WHAT YOU NEED TO DO:
Everything from the line with "Откройте для себя" down to the line with "Wykonane z mosiądzu" below must be printed exactly, those two lines included. Exclude pictures.

BEGIN DATA TO PROCESS

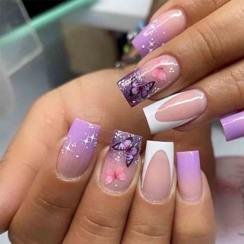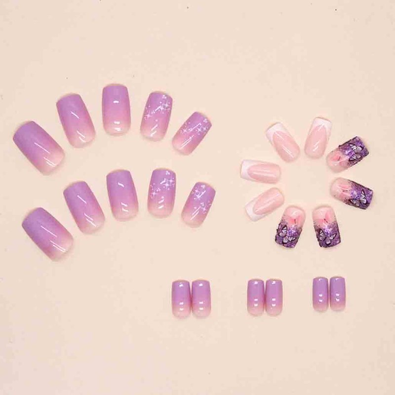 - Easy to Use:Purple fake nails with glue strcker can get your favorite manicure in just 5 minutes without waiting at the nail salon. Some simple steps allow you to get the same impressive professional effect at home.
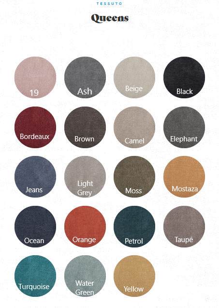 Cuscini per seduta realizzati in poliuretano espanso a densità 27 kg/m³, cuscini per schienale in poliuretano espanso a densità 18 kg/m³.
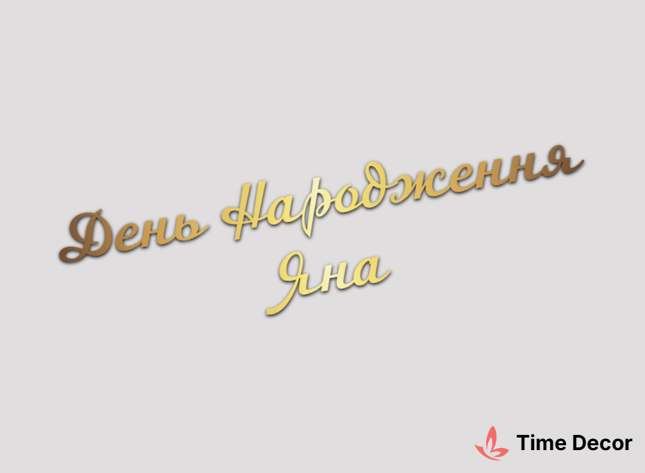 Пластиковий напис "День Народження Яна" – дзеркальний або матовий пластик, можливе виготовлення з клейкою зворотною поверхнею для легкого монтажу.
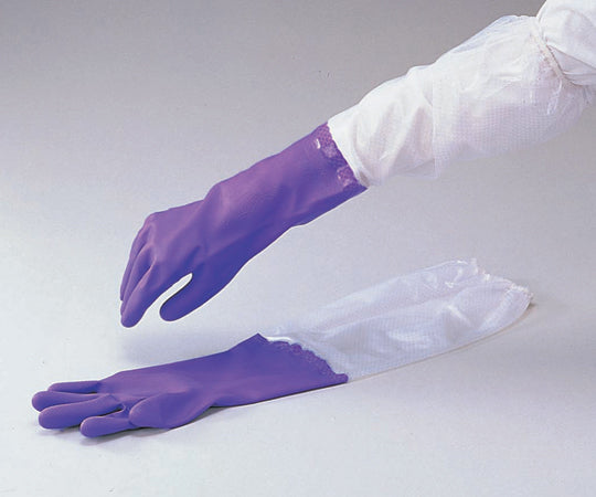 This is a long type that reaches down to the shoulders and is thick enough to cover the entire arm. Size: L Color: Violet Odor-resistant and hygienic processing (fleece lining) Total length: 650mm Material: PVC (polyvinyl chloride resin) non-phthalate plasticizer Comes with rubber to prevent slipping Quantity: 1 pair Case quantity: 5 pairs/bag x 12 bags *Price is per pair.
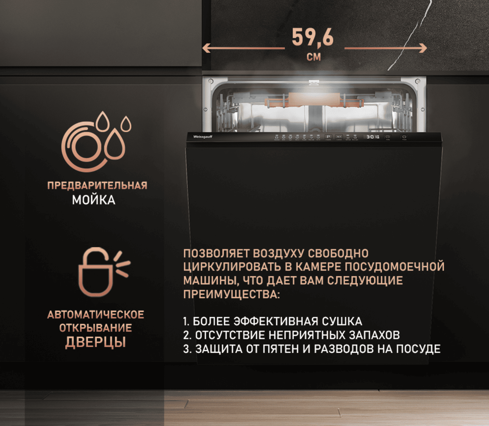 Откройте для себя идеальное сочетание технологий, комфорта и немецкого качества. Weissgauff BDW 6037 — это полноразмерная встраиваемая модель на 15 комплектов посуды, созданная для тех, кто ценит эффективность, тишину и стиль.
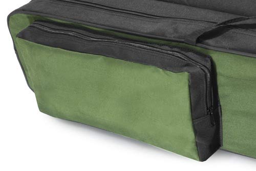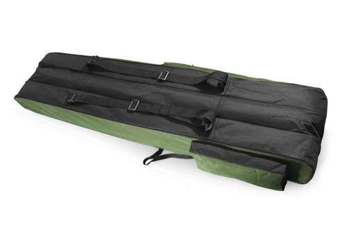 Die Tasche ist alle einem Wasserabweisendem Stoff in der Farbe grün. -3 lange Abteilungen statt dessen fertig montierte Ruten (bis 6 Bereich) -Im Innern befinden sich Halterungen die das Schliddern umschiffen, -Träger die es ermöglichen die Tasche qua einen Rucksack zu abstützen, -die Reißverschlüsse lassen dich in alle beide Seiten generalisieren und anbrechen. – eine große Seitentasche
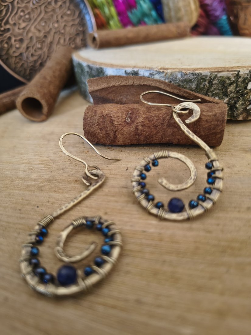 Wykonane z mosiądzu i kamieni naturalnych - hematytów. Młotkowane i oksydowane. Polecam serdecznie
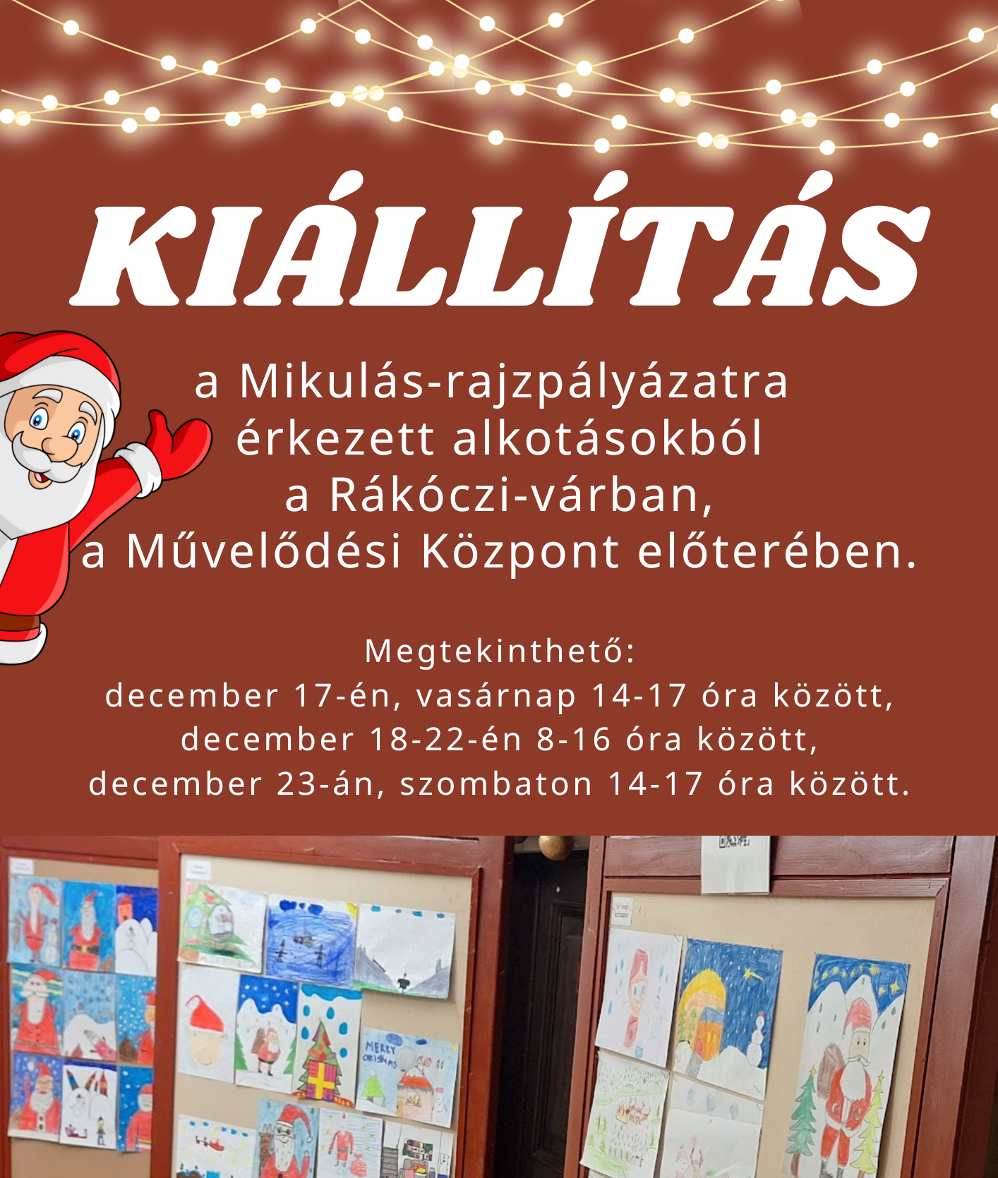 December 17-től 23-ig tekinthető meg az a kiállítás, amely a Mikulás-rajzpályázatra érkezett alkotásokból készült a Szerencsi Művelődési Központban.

END DATA TO PROCESS

ANSWER TO THIS TASK:
 Откройте для себя идеальное сочетание технологий, комфорта и немецкого качества. Weissgauff BDW 6037 — это полноразмерная встраиваемая модель на 15 комплектов посуды, созданная для тех, кто ценит эффективность, тишину и стиль.
 Die Tasche ist alle einem Wasserabweisendem Stoff in der Farbe grün. -3 lange Abteilungen statt dessen fertig montierte Ruten (bis 6 Bereich) -Im Innern befinden sich Halterungen die das Schliddern umschiffen, -Träger die es ermöglichen die Tasche qua einen Rucksack zu abstützen, -die Reißverschlüsse lassen dich in alle beide Seiten generalisieren und anbrechen. – eine große Seitentasche
 Wykonane z mosiądzu i kamieni naturalnych - hematytów. Młotkowane i oksydowane. Polecam serdecznie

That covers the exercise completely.